Wednesday 9 December 2015

Trade Secrets in Fashion Law

By Emily Wilk

Trade secrets are a compelling aspect of intellectual property (IP) law.  There are many conditions that must be met to consider a certain piece of information or invention a trade secret, however there is no application to file to the United States Patent and Trademark Office (USPTO) for the rights to secure this secret.  Throughout IP law, there is a heavy reliance on the copyrights, trademarks and patent rights that designers attain to protect their ideas and designs from being stolen or copied.  These rights to the protection of their ideas can be easily accessed by a judge to determine whether a defendant has violated a plaintiff’s protections ensured under these laws. However, there is a more complex and intricate process in determining whether a trade secret was stolen or not.
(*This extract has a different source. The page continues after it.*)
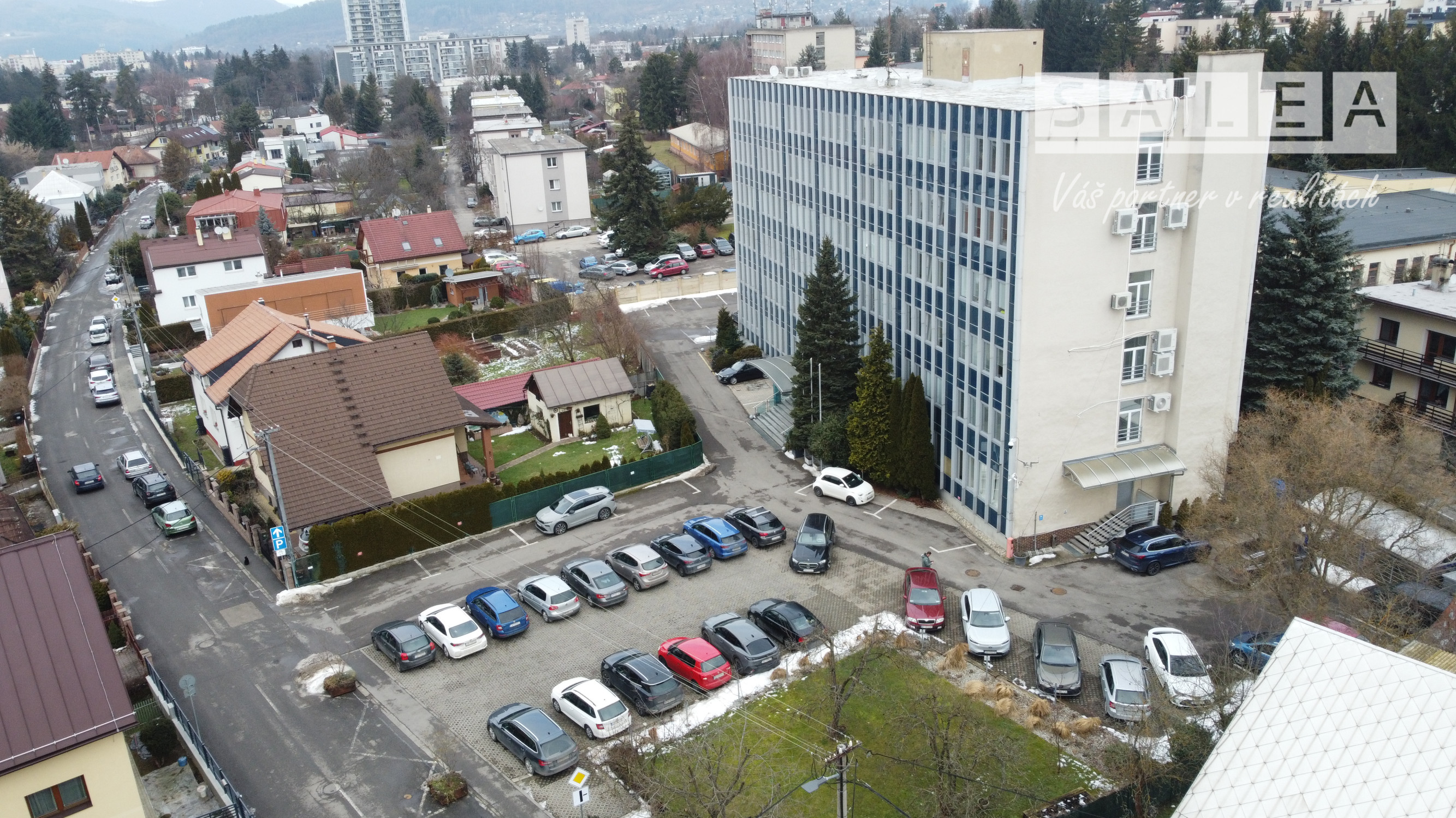 Budova sa nachádza v monitorovanom a zabezpečenom objekte s alarmom a parkovaním priamo pri budove. Súčasťou objektu je bufet a pilates štúdio, ktoré zvyšujú komfort pracovného prostredia. Lokalita ponúka pokoj, zeleň a zároveň rýchlu dostupnosť do centra mesta.

First, consider the definition of a trade secret.  The Uniform Trade Secrets Act (UTSA) defines it as “information that includes a formula, pattern, technique or process that derives independent economic value that is not commonly ascertainable, and is subject of efforts to uphold its secrecy from other parties.”  To maintain the secrecy of the certain formula, pattern, technique or process, it is vital secure protection through confidentiality agreements.  These non-disclosure agreements ensure the outside party receiving the trade secret, in order to evaluate the inventor’s product, will keep the product information received classified (JOM).  Due to the multiple facets that can encompass a trade secret, there are many different forms of law that can facilitate the implications of a trade secret in their specific area.  
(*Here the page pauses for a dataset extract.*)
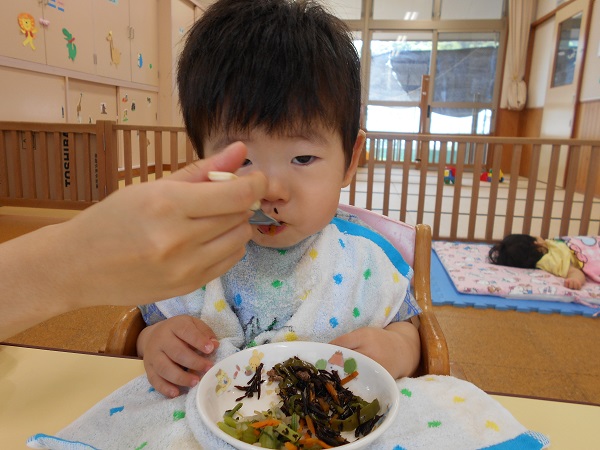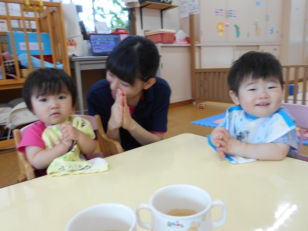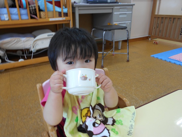 2018年06月26日 美味しいご飯の時間☆みんなで一緒に「いただきます■」まずはお茶を飲みます♬上手に自分で飲めるようになりました✨大きなお口を開けて、「あ~ん!!」美味しくてこの笑顔♡今日もモリモリ食べましたよ♬

Within the mode of fashion law, many different attributes of information, such as formulas, pricing information, sourcing information and proprietary information technology, are fundamental trade secret protections (The Fashion Counsel).  However, in the world of red soled shoes and cheetah-print handbags, many find it hard to determine the difference between a patented design and a design created by a trade secret.  A patent exclusively demonstrates the product information and process of creation to the public if they wish to access it.  By disclosing this information, a designer ensures that their idea and design will be protected for a number of years, as a limited time monopoly, until the patent license is up, at which point it can either be renewed or expire (USPTO).  Trade secrets fly under the radar, allowing a designer  create a certain designs that, if kept confidential, may be kept forever with no limits or bounds protecting the idea. The secret itself is protecting the idea.
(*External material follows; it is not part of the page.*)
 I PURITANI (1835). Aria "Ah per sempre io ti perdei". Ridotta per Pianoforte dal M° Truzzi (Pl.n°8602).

However, one must consider if a designer should designate their idea as a trade secret or a patent.  There is a process called reverse engineering in which other companies can take apart a product, in reverse order of putting it together, to determine the ways in which the product was made (NC State Ethics). When a company utilizes reverse engineering, it is to gain information that is integral to becoming competitive in the design market.  If a company were to apply reverse engineering onto a patented product, it would be illegal because the company that owns the patent has full rights to the creation of the product whether it is done forwards or backwards. In any direction, all of the rights legally belong to the designer who owns the patent.  However, products created by trade secrets are legally allowed to be reverse engineered, which could lead to the discovery of the secret by competing designers.
In a recent case of trade secret theft, Louis Vuitton is suing Coach for the secrets that the ex-Vice President of Louis Vuitton illegally carried over to her new position at Coach.  Joon Ma, the former VP of LV, had violated multiple facets of her contract at Louis Vuitton.  Firstly, Ma transferred confidential Louis Vuitton North America (LVNA) information from her work computer onto external hard drives.  She later deleted all emails pertaining to LVNA to cover her tracks.  Secondly, she violated her non-compete clause in her contract, which states that she may not join the team of a competing designer for six months after her resignation due to the secrets deeply invested in the fashion market. This is primarily concerning to LV because Ma was a valued executive who was always aware of the secrets traveling around the LV headquarters (Racked).

In this case, LV’s trade secrets were misappropriated from the inside and brought to a different company. This case shows that even with the most detailed non-disclosure agreements and contracts, a trade secret does not always remain a secret, especially in the world of fashion where one little expression or tell of secret information can lead to a total unwinding and loss of a designer’s own original idea.